Almost any interview or article on him in the past twenty years will have also touched on the fact that Johnston, who suffered from manic depression and schizophrenia, lived with and was cared for by his parents, often seemingly beyond the needs of his illnesses, while he continued recording his own weird music, performing his own weird concerts and creating his own weird artwork. This wholesale dependency on others to support his self-belief feels unseemly.

Finally, there's the issue of my own culpability. Those thousands of us who paid for Johnston's music, artwork and live performances, and essentially bought into his vision, enabling a delusion, but worse, supplied the audience for an unwell man whose unwellness was key part of his life's performance. 

So, after all this, what exactly is the appeal of Johnston for someone like me?

First of all, his struggles were clearly genuine - and his music is very much a testament to both that genuineness and to the power of pop. And I mean power here in the not-always-necessarily-positive-and-inspirational sense. Pop music - its themes, its myths, its promises - clearly possessed Johnston and in some ways controlled him.
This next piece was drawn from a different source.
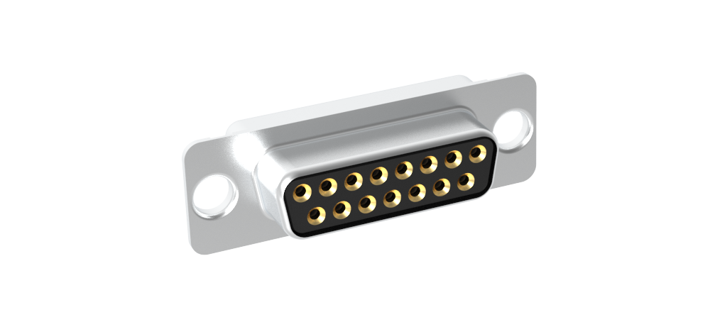 Dsub, Machined Pin 7.5A, Straight Soldercup, 15 Socket, Bright Tin Shell, Flash Gold, 3.1mm (0.122in) Clear Hole

He's also a figure who went on to become synonymous with mental illness. I’ve been thinking quite a bit recently about how we talk about ‘mental health awareness’ in our current online age. It's undoubtedly something we're a lot more engaged with as a society, and there's no denying this is a good thing. But I find I often baulk at the way mental health is characterised when I see this awareness promoted online, which often sees 'depression' as a form of sadness or anxiety that evaporates on contact with hugs, understanding and friendship. The reality, in my experience, can often be far uglier and more difficult than this would suggest. Mental illness can take the form of anger, aggression, darkness and other kinds of extreme behaviour - in many cases psychotic behaviour - often resulting, ultimately, in the wholehearted rejection of any attempts at understanding or sympathy, and the dismissal of well-intentioned friends. Even if those friends remain, the friendships will most likely be forever marked. The loss of dignity that goes in to engaging with and understanding another's mental health is something no stigma-busting campaign can equip one for.  

This, I think, is part of the reason Johnston's low-grade homemade tape recordings feel so compelling to so many listeners. There is little in the way of dignity to his recordings. Quite the opposite: they revel unabashed in their alienating qualities. Each of his songs, no matter how cheery and positive they may initially appear, is a genuine snapshot of a mind at war with existence. Whenever you hear his lyrics approach the usual pop themes of the thwarted lover or the underappreciated artist or the melancholic who bravely overcomes his condition to seize the day, it feels very much as though you're engaging with a piece of scenery Johnston constructed to protect himself from the reality which, going by the accounts of those who knew him, was full of darkness, anger, violence and unpleasantness (he was involuntarily institutionalised a number of times).

But what an absorbing, addictive vision it is, insistent on its own logic and drama, Bosch-like in its repeated motifs: frogs, ducks, toy instruments, monsters, Caspar the Friendly Ghost, Frankenstein, boxers, floating eyeballs, Satan. For those of us who have engaged in similar behaviour, creating the world which best suits us, regardless of how it effects those around us, rather than adapting to the world we live in, an artist like Johnston - single-minded and industrious - will always be something of a touchstone. His music channelled his personality and transmuted his obsessions into something fascinating and, despite that war its creator was engaged in, was always utterly committed to leaving its own weird but indelible mark on the world he left behind.